Supplied material

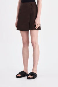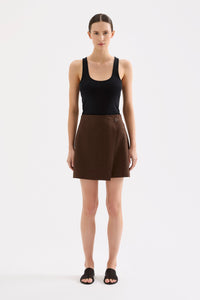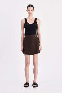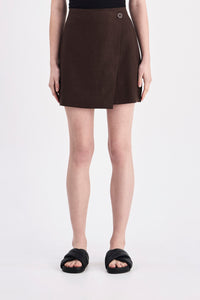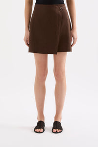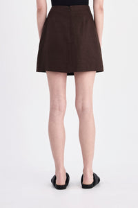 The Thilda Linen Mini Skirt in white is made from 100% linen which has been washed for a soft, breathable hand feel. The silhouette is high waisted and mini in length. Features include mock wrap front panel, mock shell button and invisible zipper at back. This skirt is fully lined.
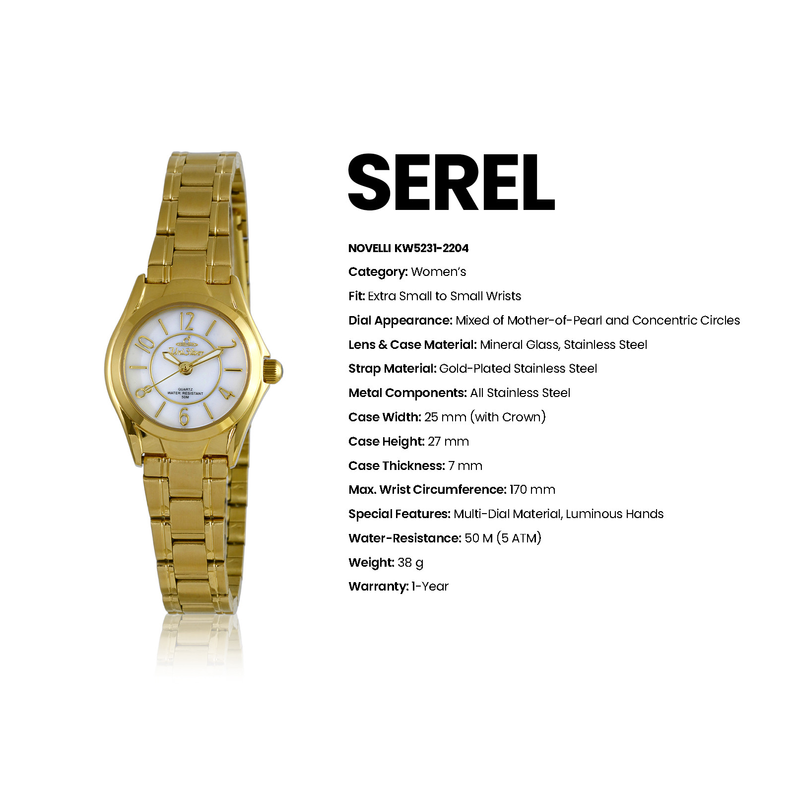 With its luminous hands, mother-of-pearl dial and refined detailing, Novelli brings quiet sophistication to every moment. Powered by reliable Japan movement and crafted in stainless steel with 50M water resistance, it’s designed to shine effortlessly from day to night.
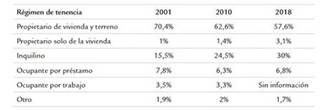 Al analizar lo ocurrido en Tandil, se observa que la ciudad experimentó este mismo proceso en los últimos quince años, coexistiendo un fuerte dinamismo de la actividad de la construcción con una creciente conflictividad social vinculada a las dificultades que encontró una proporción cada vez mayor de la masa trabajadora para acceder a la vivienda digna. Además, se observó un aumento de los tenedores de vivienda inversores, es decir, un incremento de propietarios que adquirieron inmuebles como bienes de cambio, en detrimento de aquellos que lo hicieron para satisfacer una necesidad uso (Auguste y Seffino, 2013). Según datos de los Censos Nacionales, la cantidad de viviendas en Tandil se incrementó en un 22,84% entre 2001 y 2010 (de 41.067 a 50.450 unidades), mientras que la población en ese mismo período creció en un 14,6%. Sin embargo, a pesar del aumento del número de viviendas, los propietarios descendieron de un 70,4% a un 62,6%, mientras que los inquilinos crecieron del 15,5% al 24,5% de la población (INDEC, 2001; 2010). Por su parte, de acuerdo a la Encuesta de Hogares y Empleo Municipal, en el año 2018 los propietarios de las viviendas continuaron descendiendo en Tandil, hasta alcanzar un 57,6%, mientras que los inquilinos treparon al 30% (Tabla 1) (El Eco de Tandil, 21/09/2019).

Problem requirements
From the first line to the last, repeat the listing exactly and skip its images.

Answer box
 The Thilda Linen Mini Skirt in white is made from 100% linen which has been washed for a soft, breathable hand feel. The silhouette is high waisted and mini in length. Features include mock wrap front panel, mock shell button and invisible zipper at back. This skirt is fully lined.
 With its luminous hands, mother-of-pearl dial and refined detailing, Novelli brings quiet sophistication to every moment. Powered by reliable Japan movement and crafted in stainless steel with 50M water resistance, it’s designed to shine effortlessly from day to night.
 Al analizar lo ocurrido en Tandil, se observa que la ciudad experimentó este mismo proceso en los últimos quince años, coexistiendo un fuerte dinamismo de la actividad de la construcción con una creciente conflictividad social vinculada a las dificultades que encontró una proporción cada vez mayor de la masa trabajadora para acceder a la vivienda digna. Además, se observó un aumento de los tenedores de vivienda inversores, es decir, un incremento de propietarios que adquirieron inmuebles como bienes de cambio, en detrimento de aquellos que lo hicieron para satisfacer una necesidad uso (Auguste y Seffino, 2013). Según datos de los Censos Nacionales, la cantidad de viviendas en Tandil se incrementó en un 22,84% entre 2001 y 2010 (de 41.067 a 50.450 unidades), mientras que la población en ese mismo período creció en un 14,6%. Sin embargo, a pesar del aumento del número de viviendas, los propietarios descendieron de un 70,4% a un 62,6%, mientras que los inquilinos crecieron del 15,5% al 24,5% de la población (INDEC, 2001; 2010). Por su parte, de acuerdo a la Encuesta de Hogares y Empleo Municipal, en el año 2018 los propietarios de las viviendas continuaron descendiendo en Tandil, hasta alcanzar un 57,6%, mientras que los inquilinos treparon al 30% (Tabla 1) (El Eco de Tandil, 21/09/2019).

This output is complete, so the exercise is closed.